Thursday 18 August 2011

Wilderness Society calls for mine rejections in Cape York

Heather Beck
Thursday, August 18, 2011
© The Cairns Post

COAL mine boom in Cape York could provide an exciting opportunity to diversify the region 

The Wilderness Society has called for both Labor and the LNP to reject leases for coal mining in Cape York.

The environmental lobby group says there is a "disturbing" rise in applications for coal mining exploration, including on land surrounding one of Queensland's largest national parks, Rinyirru.

There are 19 coal exploration tenements on Cape York, with 12 applications made in the past month and a half.

One of the permits around Rinyirru has been applied for by Queensland billionaire Clive Palmer’s Waratah Coal.

Cook Shire Mayor Peter Scott has seen the benefit of the proposed coal mines and said many of the projects on the Cape were being driven by traditional owners.

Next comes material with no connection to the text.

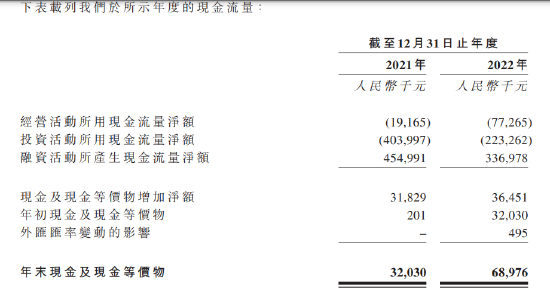没有经营收入,带来的直接后果就是公司经营活动现金流持续流出,2022年流出额7727万,是2021年流出额的3倍有余。现金流的的巨大缺口使得公司不得不融资补血。

"Up in Cook Shire we’re a very large shire with a very small population and income base,’’ Cr Scott said.

"We rely very much on seasonal tourism with a bit of agriculture and horticulture thrown in, so anything that can provide us with a sustainable income and allow us to diversify our income is very exciting."

He said the means of accessing the coal would be through portal long wall mining, which has less environmental impact than large open-cast mines.

"The traditional owners up there are also very much in tune with the land and what happens to it," he said.

"And at council, any proposal that comes to us has to meet 80 pieces of legislation, that’s the degree of protection that’s out there at the moment."

Wilderness Society campaigner Gavan McFadzean said any coal mining operations in the region could undermine the Queensland and Federal governments’ efforts to have Cape York declared a World Heritage Area.

"Cape York Peninsula has become the next big target for the coal industry,’’ he said.

"The sick irony is that while the community has been working hard on protecting the World Heritage values of Cape York Peninsula, the coal industry is busy plotting to dig up the very same areas."

Mining Minister Stirling Hinchinliffe said no decisions had been made whether to grant or reject the applications.